Linux games wine
I have never been a huge gamer, if a new game comes out I will sometimes play it for a day or two and then be done with it. Linux has always been a great os for me but if I was a hardcore gamer I’m not so sure that would be true. That being said there are many great ways to play games on Linux, Wine and Cedega being the two main ones.
The problem is that Wine (I have no experience with Cedega) is not perfect, however it has been able to do some great things. I have been able to get world of warcraft, Microsoft office, msdnaa (you need to download an exe in order to download the software and why not try out vista for free, and yes I’m still with Linux even though windows is free for me) and many other applications running under Wine. There have been many that I have not been able to get running also, evil genius for example.

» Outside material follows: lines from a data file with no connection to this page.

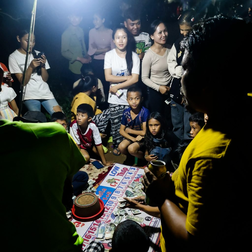 Im Dorf selbst ist das Treiben etwas wilder. Es gibt eine Art Glücksspiel für Kinder, ein paar Straßenstände und an einer anderen Ecke spielen die Erwachsenen. Es gibt gerade eine Ansprache, der Besitzer unserer Unterkunft übersetzt: Es soll gefeiert werden, aber bitte nicht zu wild und ohne Schlägereien. Ach Laos, gewisse Dinge sind schon überall gleich. Besonders aufm Dorf. Wir besorgen ein Bier. Das ist allerdings warm. Eis und Plastikbecher könnten wir auch noch bekommen, aber mal ehrlich? Bier mit Eis? Darüber hinaus ist der Genuss hier auch risikobehaftet. Wir entscheiden uns schweren Herzens für das warme Bier. Ein paar Kinder turnen um uns herum und zwei thailändische Touristen gesellen sich zu uns. Wir versuchen uns zu unterhalten, aber die Musik ist wahnsinnig laut und man versteht kein Wort. Wir bleiben noch ein bisschen und gehen dann zurück in die Unterkunft.
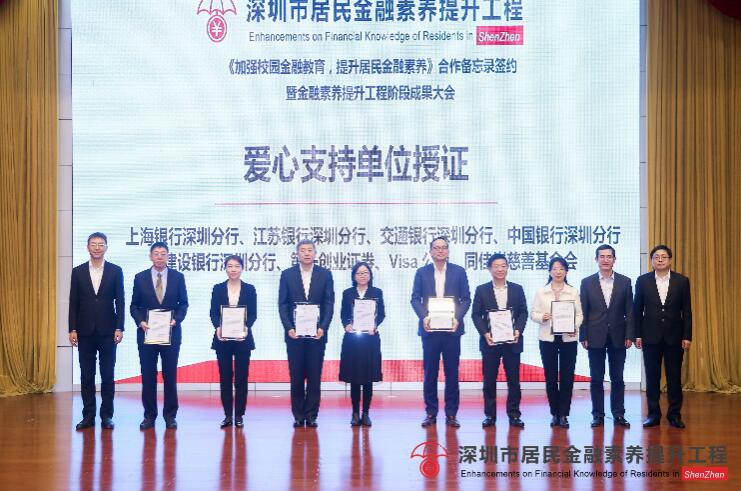 在隨后的授證儀式中,上海銀行深圳分行因?qū)ι钲谑芯用窠鹑谒仞B(yǎng)提升工程做出的突出貢獻,及推動深圳金融安全建設(shè)與可持續(xù)發(fā)展,被授予了“愛心支持單位”榮譽稱號。
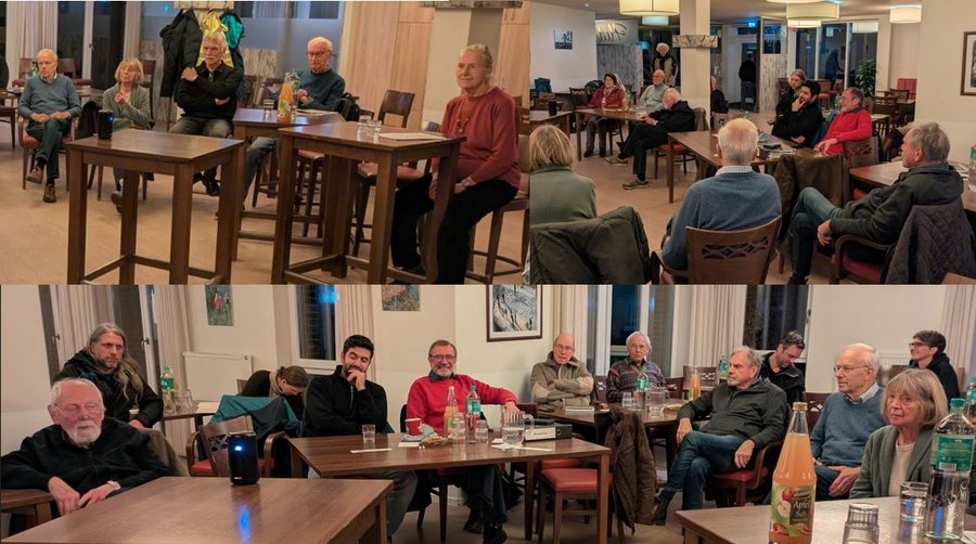 Rund 20 Gäste waren unserer Einladung nachgekommen, die Frage „Wieder willkommen? Geflüchtete in Borgfeld 2015 vs. 2025“ zu diskutieren. Unter ihnen waren der Ortsamtsleiter Karl-Heinz Bramsiepe und sein damaliger Vorgänger Jürgen Linke sowie eine ganze Reihe der 2015 involvierten Ehrenamtlichen und weiterer Interessierter. Hermann Vinke und Uwe Rosenberg gaben Auskunft, wie sie seinerzeit den „Runden Tisch Borgfeld“ ins Leben gerufen und das Tagesprogramm, insbesondere den Spracherwerb der Jugendlichen aus vielen verschiedenen Nationen, organisiert hatten. Die breite internationale Erfahrung der beiden und ihr Interesse an verschiedenen Kulturen spielten dabei eine ganz wesentliche Rolle.
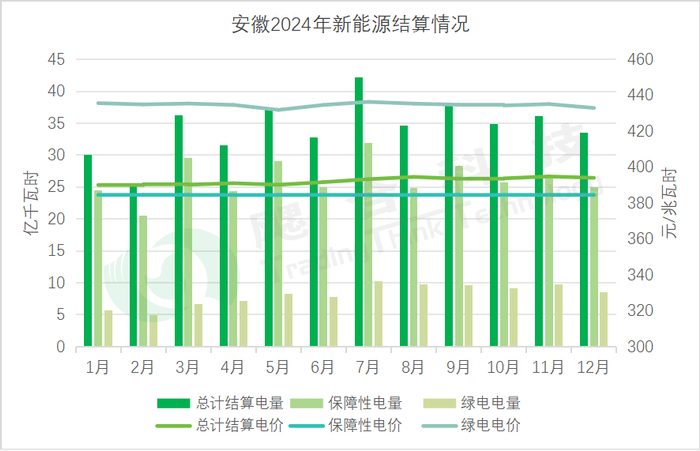 安徽2024年新能源总计结算电量412.62亿千瓦时,结算均价392.35元/兆瓦时。其中保障性电量315.20亿千瓦时,结算均价384.49元/兆瓦时;绿电结算电量97.43亿千瓦时,结算均价434.64元/兆瓦时。
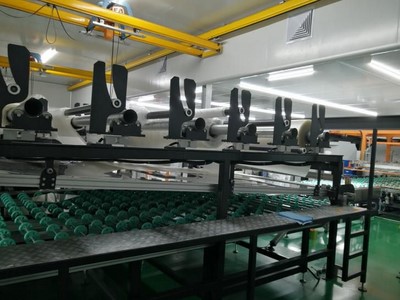 主要由自动上片台、清洗干燥机、合片定位输送机、自动行走吸盘吊架、PVB 胶膜铺摊机、合片房、预压机、下片台、蒸压釜等组成。

Chances are none of this is new to you but stay with me. About a year ago, maybe six months. Google came out with two products for Linux, Google Earth, and Picasa. The really cool thing is that they did not rewrite the code they instead opted to modify there code and then use Wine to make it all work. Now while I’m not sure of the legalities of distributing GPL software and proprietary software in the same package I assume its all on the up and up, google would never do evil.

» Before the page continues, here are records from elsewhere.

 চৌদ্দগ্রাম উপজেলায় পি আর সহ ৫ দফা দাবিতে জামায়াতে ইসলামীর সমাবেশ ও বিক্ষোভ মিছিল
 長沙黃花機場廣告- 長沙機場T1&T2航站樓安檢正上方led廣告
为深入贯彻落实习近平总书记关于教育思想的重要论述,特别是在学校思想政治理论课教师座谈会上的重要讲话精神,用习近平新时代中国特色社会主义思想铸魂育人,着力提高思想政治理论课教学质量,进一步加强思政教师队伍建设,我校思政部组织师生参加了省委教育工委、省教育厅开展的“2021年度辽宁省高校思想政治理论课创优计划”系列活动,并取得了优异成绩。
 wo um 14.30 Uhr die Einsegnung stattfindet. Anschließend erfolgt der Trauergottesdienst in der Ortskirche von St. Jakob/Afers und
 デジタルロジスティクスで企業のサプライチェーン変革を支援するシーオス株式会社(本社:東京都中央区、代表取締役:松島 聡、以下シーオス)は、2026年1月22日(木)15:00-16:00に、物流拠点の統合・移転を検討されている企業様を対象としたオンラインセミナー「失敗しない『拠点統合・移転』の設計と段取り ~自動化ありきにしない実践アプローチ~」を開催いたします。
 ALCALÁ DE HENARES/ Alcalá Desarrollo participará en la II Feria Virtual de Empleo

Yesterday on digg I saw an article about the latest release of Soldat, What I found interesting is that when you go to the download page they list there requirements as follows
“Requirements: Windows 98/Me/2000/XP/Vista or Linux + Wine; DirectX 8.1;”

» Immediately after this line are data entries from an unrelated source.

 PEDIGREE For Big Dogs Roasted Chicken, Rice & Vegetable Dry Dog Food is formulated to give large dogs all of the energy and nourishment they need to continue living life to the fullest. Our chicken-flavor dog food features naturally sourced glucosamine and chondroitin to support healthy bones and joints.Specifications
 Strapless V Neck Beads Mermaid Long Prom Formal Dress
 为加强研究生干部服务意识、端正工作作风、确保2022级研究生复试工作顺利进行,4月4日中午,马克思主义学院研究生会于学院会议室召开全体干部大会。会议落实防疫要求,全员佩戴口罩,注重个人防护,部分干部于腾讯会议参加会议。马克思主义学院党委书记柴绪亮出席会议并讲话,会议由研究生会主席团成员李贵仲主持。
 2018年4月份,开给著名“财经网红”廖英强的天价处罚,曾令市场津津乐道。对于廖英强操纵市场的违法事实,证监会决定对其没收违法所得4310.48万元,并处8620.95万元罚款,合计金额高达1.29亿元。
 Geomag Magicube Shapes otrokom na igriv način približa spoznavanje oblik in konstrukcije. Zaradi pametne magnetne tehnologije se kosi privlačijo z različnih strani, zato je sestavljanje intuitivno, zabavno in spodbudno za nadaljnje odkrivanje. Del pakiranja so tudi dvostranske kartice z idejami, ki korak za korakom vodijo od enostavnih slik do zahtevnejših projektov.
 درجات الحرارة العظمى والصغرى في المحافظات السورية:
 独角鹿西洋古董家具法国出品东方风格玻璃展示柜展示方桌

Now I found this really nifty. I know that Unreal Tournament and a few other games have had Linux releases, but I’m not sure how successful they where. This really makes me wounder however, how hard it is to make a program that is wine compatible / works with Wine and secondly is this a viable option for game makers.
Is the cost of making your applications Wine compatible less than the extra revenue that companies would see if they made there applications work with Wine. I know this was touched on at Ubuntu open week ask mark session. Seeing wine as an option to play a game just inspired me to post about it.
I would encourage any software producer to at least make there applications run under wine even if they where to lose money if only to maintain product dominance in your market otherwise like Mark said we will just make open source equivalents. But thats just my two cents.
Edit: Oops it seems that Google Earth Linux port is a native Linux application built with the open source Qt application development toolkit. Thanks Everett.